Lucca was a treat.  Complete city walls still encircle the old town, the Cathedral was being repaired (although we called in later to see the Tintoretto – it’s a painting) and most of the old town was traffic free.   Lucca has a famous tower, the Torre Guinigi.  It’s medieval, stands over a hundred feet high and has seven oak trees planted at the top.  Well, why not?  Apparently when the Lucchese Big Cheese, Paolo Guinigi died in 1432 all the leaves fell off the trees.  If they did I’d put good money down as a bet that he died sometime in what we now know as autumn or fall if you must.  We went up a different tower so we could see it and Torre Guinigi does look splendid with the trees on the top, especially draped in a huge Italian flag as it was when we were there.   The city also has a very beautiful and unusual oval Piazza.  The Piazza Antiteatro as its name suggests stands on the site of the Roman Amphitheatre and it is very easy to imagine that the various entrances to the piazza are the old entrances to the arena floor.  Remarkably, our train journey back was unremarkable.

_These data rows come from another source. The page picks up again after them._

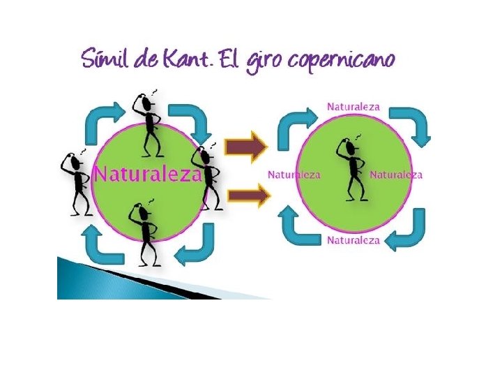 v Dos preguntas de Kant en la CRPu a raíz de los juicios sintéticos a priori: 1. ¿Son posibles los juicios sintéticos a priori para la Metafísica? 2. Cómo podemos saber algo a priori acerca de la realidad? LA REVOLUCIÓN / GIRO COPERNICANO DE KANT* Premisa inicial de Kant: Si la necesidad y universalidad de nuestros conocimientos no procede de la experiencia, tenemos que concluir que son los OBJETOS los que se adecúan al SUJETO que conoce. TRES DIFERENCIAS DE KANT CON LAS TEORÍAS EPISTEMOLÓGICAS ANTERIORES (Racionalismo y empirismo) Primera diferencia: a. Teorías epistemológicas anteriores Eran realistas = pretendían conocer el OBJETO = una realidad en sí, externa al sujeto b. Kant Considera que hay que centrar el proceso del conocimiento en el SUJETO 1. No que el sujeto (sol) gire en torno al objeto (Tierra) = Geocentrismo 2. Sí que el objeto (Tierra) gire en torno al sujeto (sol) = Heliocentrismo CONCLUSIÓN : 1. Ya no es la realidad la que impone sus esquemas a la mente 2. Ahora es la mente la que impone sus esquemas a la realidad *A Copérnico se le ocurrió “mover” la Tierra y hacerla girar en torno al sol. Kant hace lo mismo respecto el objeto y el sujeto
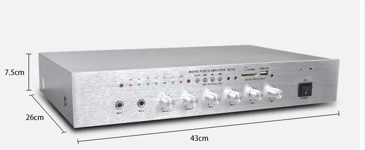 Мощности в 100 Вт достаточно для озвучивания помещения площадью до 30-40 м². При этом усилитель обеспечивает высокое качество звучания при умеренном энергопотреблении.
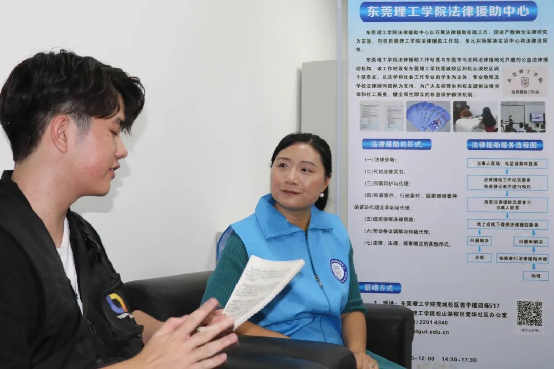 在学校莞城校区四号楼517室和松山湖校区莞华社区办公室,都设有一个特别的“站点”——开云kaiyun官方网站法律援助工作站(以下简称“工作站”)。在这里,可以免费咨询相关法律问题、请求协助维护自身权益、了解法律文书如何撰写、提出法律援助申请……莞工师生足不出校,就能获得基本法律服务。
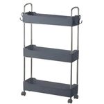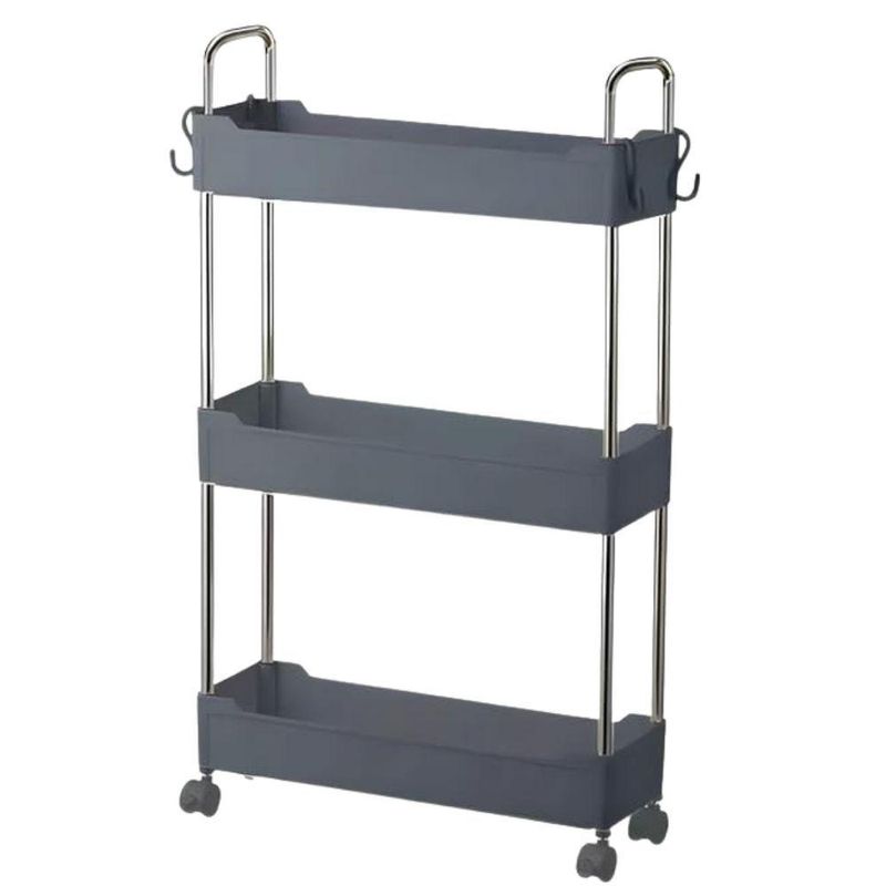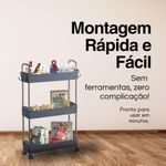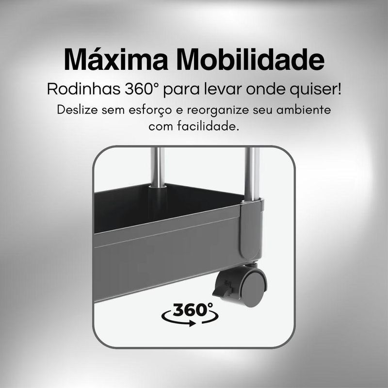 Estante Organizadora Móvel 3 Andares Para Cozinha, Banheiro E EscritóriosOrganize seus ambientes com a Estante Organizadora Móvel de 3 andares na cor cinza, perfeita para cozinhas, banheiros, lavanderias e escritórios.- Design moderno e atrativo, com acabamento em cinza e detalhes em inox.- Estrutura robusta em plástico PP branco e hastes de sustentação em aço inox, garantindo durabilidade.- Rodinhas giratórias em 360°, facilitando a movimentação e a reorganização do espaço conforme necessário.- Dimensões compactas: 62 cm de altura, 12 cm de largura e 40 cm de comprimento, ideal para otimizar qualquer área.- Montagem simples e rápida, proporcionando facilidade na instalação.- Produto com registro INMETRO, assegurando qualidade e segurança conforme padrões regulamentares.- Código NCM: 9403.70.00.Mantenha sua casa ou escritório organizado de forma prática e estilosa com esta estante versátil e funcional.Estante Organizadora Móvel 3 Andares para Cozinha, Banheiro e Escritórios
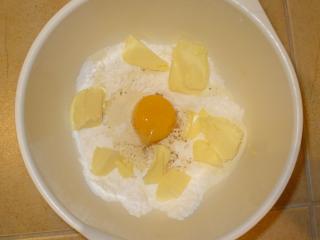 Mezitím se pustíme do přípravy korpusu na citronový koláč. Na vál nebo do větší mísy nasypeme všechnu mouku smíchanou s kypřicím práškem a citronovou kůrou, rovnoměrně rozmístíme kousky rozměklého tuku, cukr a doprostřed této směsi umístíme vaječný žloutek.
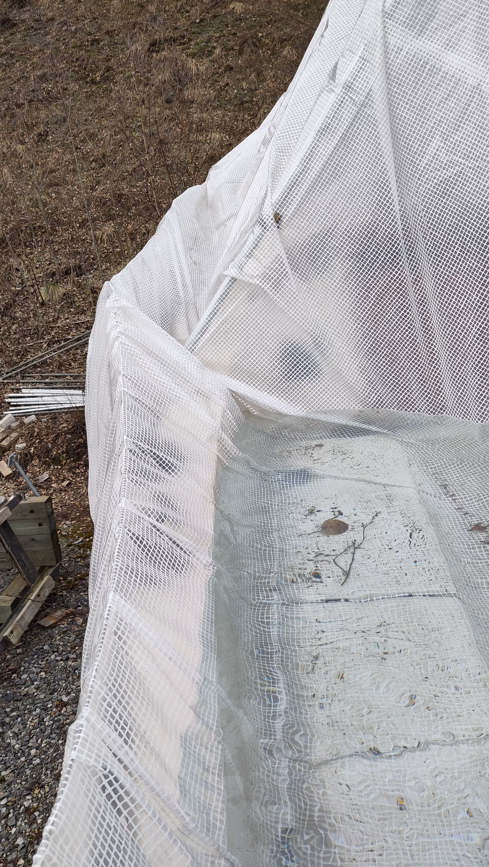 Over all the tarpaulin had hold nicely with the exception of the melting snow forming a big pool on one side.
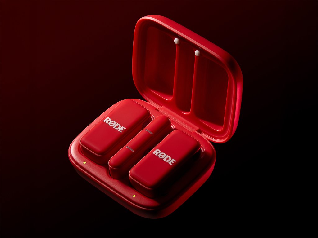 Kompaktní dvoukanálová bezdrátová sada 2x vysílač + 1x duální přijímač, pro nahrávání zvuku do smartphonu pomocí USB-C, digitální přenos, dosah 100 m, interní mikrofony na vysílačích, včetně dobíjecího docku Charge Case, protivětrných ochran, magnetických klipů a nabíjecího USB-C kabelu, podpora iOS i Android, červené provedení
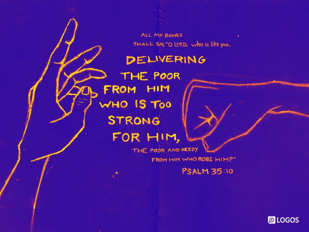 Psalm 35:10 [ESV]: 10 All my bones shall say, “O LORD, who is like you, delivering the poor from him who is too strong for him, the poor and needy from him who robs him?”
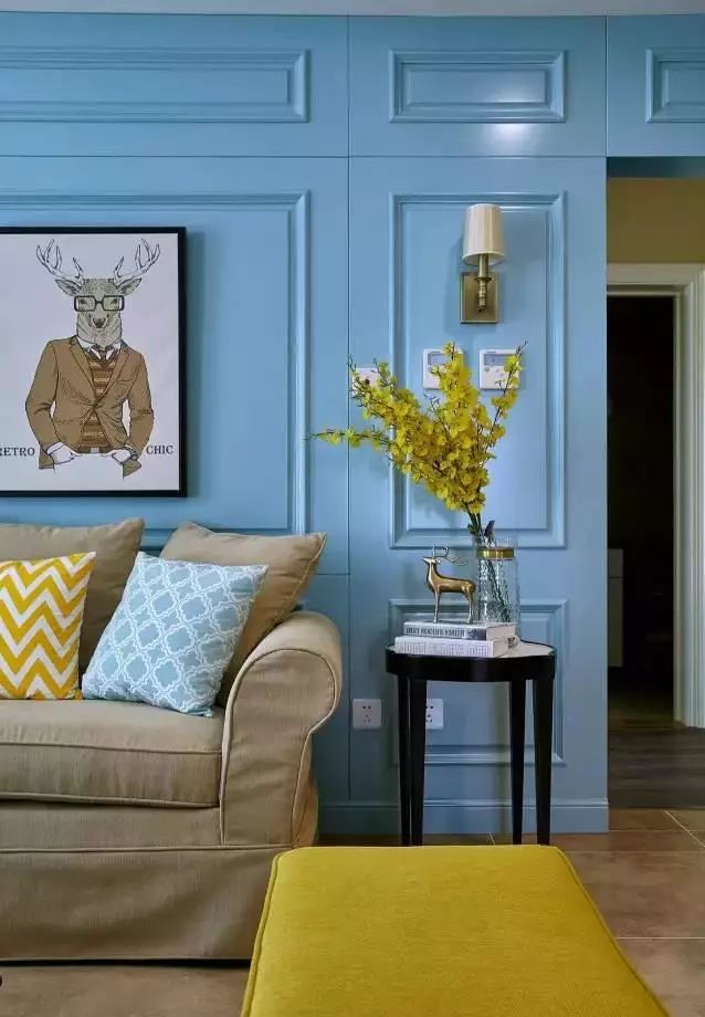 蓝色的造型墙,让屋内的气氛更加清爽。精致的壁灯和挂画也很好的装饰了墙壁。浅色的沙发搭配彩色的抱枕,实木的茶几和边几超级耐看,桌上放一瓶花,让客厅多了份生机盎然。
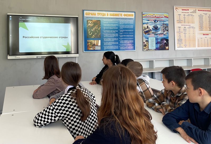 В нашей школе прошло очередное внеурочное занятие в рамках Разговоров о важном - «Труд крут». Учащиеся познакомились с деятельностью Российских студенческих отрядов (РСО), расширили свой профессиональный кругозор.
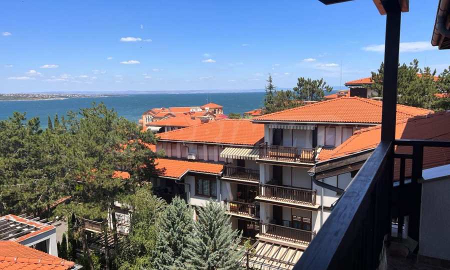 Oferujemy na sprzedaż dwupokojowy apartament z panoramicznym widokiem na morze, w elitarnym nadmorskim kompleksie z basenami i własnym parkiem, zaledwie 2 km od miasta Sozopol.
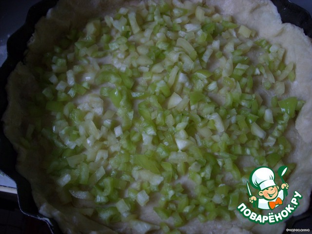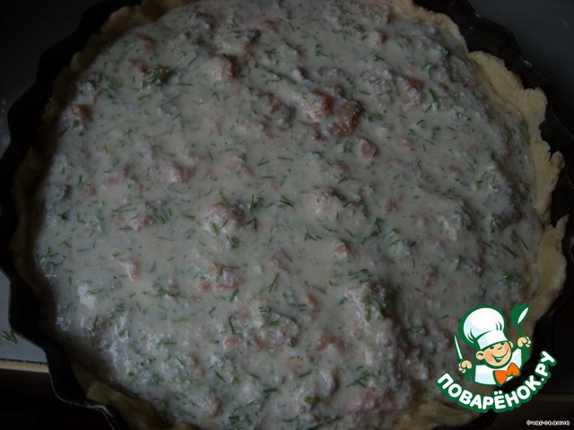 Основа этого пирога - песочное тесто, а начинка рыбная с творожным суфле.

Sometimes I sits and thinks and sometimes I just sits.  The phrase is attributed to a number of people such as A A Milne but not as yet to that loudmouth Irish singer Bono, the man named after a dog biscuit.  Anyway after that gratuitous insult I can say that I had been sitting and thinking one of those inconsequential things.  Having noticed the varying sizes of bricks used in all these old cities I got to wondering what measuring system was used in Italy pre-decimal days.  For the brick aficionados amongst you the local bricks are no more than 2 inches high but are sometimes up to 18 inches or so long.  I don’t know about the depth because they’re all embedded in ancient walls and I understand the authorities take a dim view of wall destruction even for important research purposes.  Heather says she sometimes wonders what goes on in my head.  So do I sometimes.  Anyway, I digress.  It was remarkably simple to discover the measurement systems used by checking the internet and one search was all it took, although reduced to libraries and books it might have taken weeks to find the information.  It seems that different cities and provinces had their own measuring systems, which might go some way to explaining why that famous tower is leaning.